2. **Add lint script** (Phase 1.1): ~30 minutes of work.
3. **Update AGENTS.md** (Phase 5.1): ~1 hour of documentation.
4. **Update BUILD-SYSTEM-INVARIANTS.md** (Phase 5.2): ~30 minutes.
---
## File Change Summary
| File | Change | Phase |
|------|--------|-------|
| `scripts/lint-config-paths.sh` | New — lint for /usr/lib/init.d/ in config files | 1 |
| `mk/depends.mk` | Add lint-config target | 1 |
| `AGENTS.md` | Add installer file layering section | 5 |
| `local/docs/BUILD-SYSTEM-INVARIANTS.md` | Add invariants I1I3 | 5 |
| `local/patches/installer/collision-detection.patch` | New — installer collision detection | 2 |
| `recipes/core/installer/recipe.toml` | Wire collision detection patch | 2 |
| `scripts/validate-init-services.sh` | New — post-image init validation | 4 |
| `mk/disk.mk` | Add validate-init target | 4 |
| `src/cook/package.rs` | Parse installs field from recipe.toml | 3 |
| `src/recipe.rs` (or equivalent) | Add installs field to recipe struct | 3 |
---
## Scope Boundaries
**In scope:**
- Init service file path enforcement and collision detection
- Installer file-layer collision detection
- Post-image validation for init services
- Recipe file-ownership manifests (optional field)
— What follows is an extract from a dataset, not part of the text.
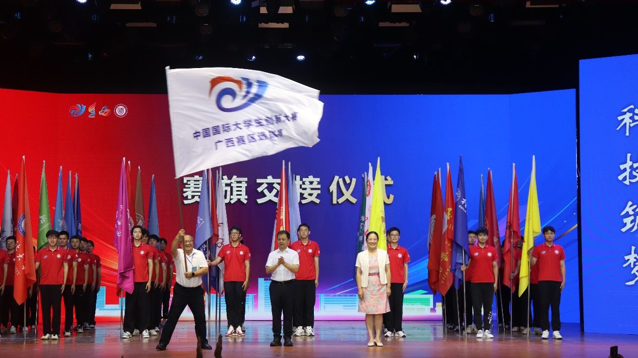 广西民族大学党委常委、副校长姜明国出席闭幕式,并接过中国国际大学生创新大赛(2025)广西选拔赛赛旗,我校正式成为下一届中国国际大学生创新大赛(2025)广西选拔赛承办方。(初审:刘银妹 编辑:陈水兰 复审:荣子卿 终审:王文娟)

- Architectural documentation
**Out of scope:**
- Init system redesign (scheduler, service types, dependency resolution)
- Package manager changes (pkgar format, dependency resolution)
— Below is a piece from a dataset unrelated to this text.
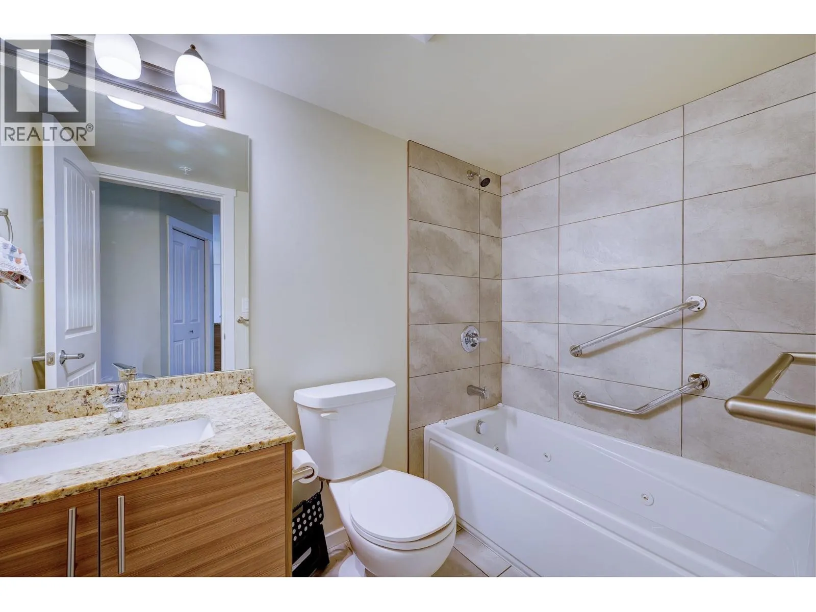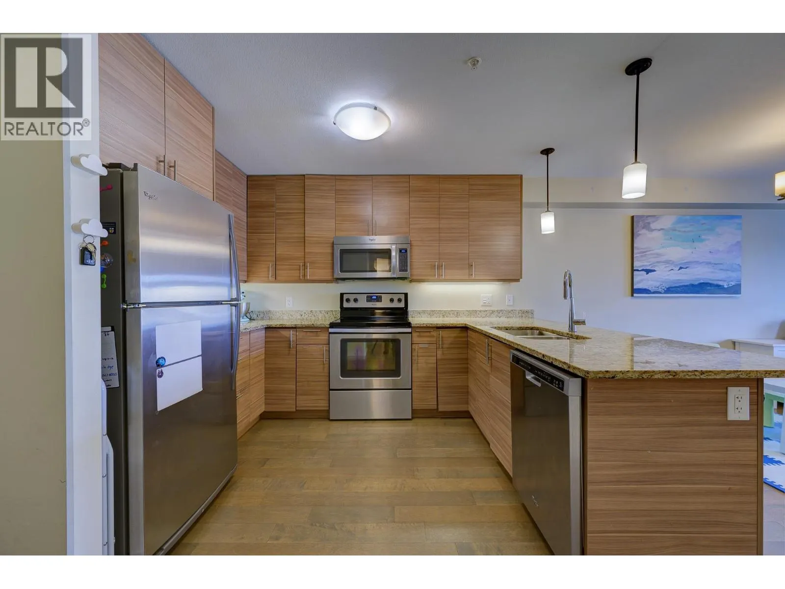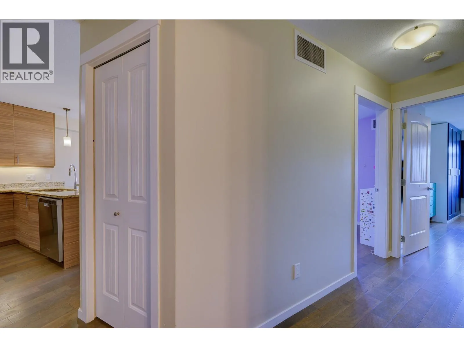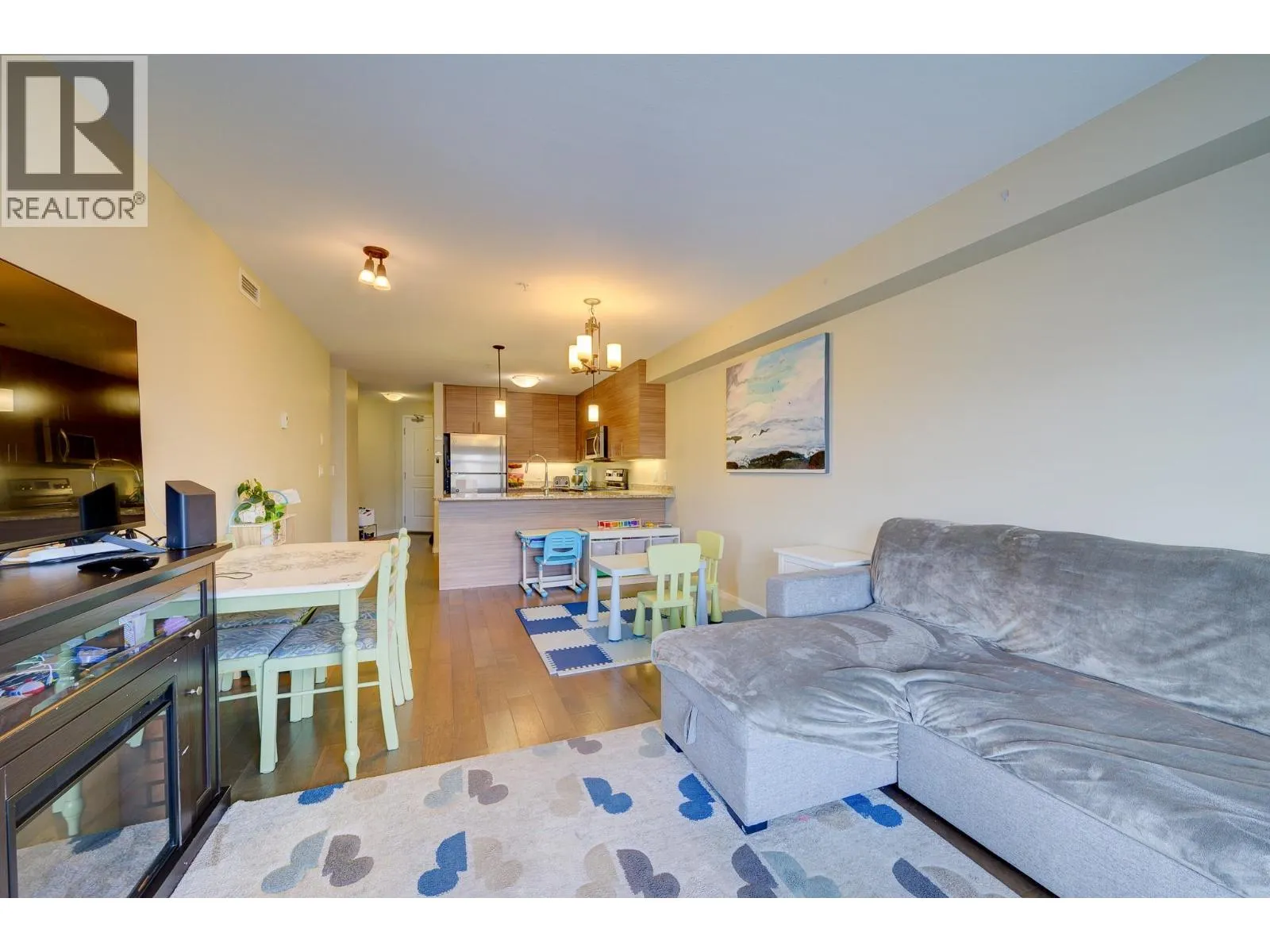 Lovely east facing Library Square 2 bedroom, 2 bathroom condo featuring an open floor plan and spacious deck. This unit includes hardwood flooring throughout. The main living space has an open floor plan with a U shaped kitchen that has a lot of storage and stone counters. The living and dining room space have a large picture window for natural light and there is access to the patio. There is a main bathroom that is 4 pieces and the primary bedroom features an ensuite with walk in shower. This unit has it';s own laundry room, 1 secure underground parking stall (stall 92) and one storage locker (locker 246). Other amenities in this building include a community room with large patio for gatherings and celebrations and secure bike storage in the parking garage. This unit is steps to local shopping and transportation. Unit is priced for a quick sale. (id:27476)

- Build system Makefile restructuring
- Runtime validation of service startup order
- General file-conflict detection across all filesystem paths
(init service paths are the critical path; general detection is Phase 3)
---
## Relationship to Existing Plans
- **BUILD-SYSTEM-INVARIANTS.md**: This plan adds invariants I1I3 to the existing
surface-ownership model. Phases 14 implement enforcement of these new invariants.
- **PATCH-GOVERNANCE.md**: Unchanged. Patch governance covers source-tree durability;
this plan covers installer file-layer collisions — orthogonal concerns.
- **CONSOLE-TO-KDE-DESKTOP-PLAN.md**: This plan is infrastructure, not a desktop
feature. It prevents build-system regressions that could block the desktop path.
- **DBUS-INTEGRATION-PLAN.md**: The triggering incident was a D-Bus regression caused
by init service file collisions. This plan prevents recurrence of the root cause.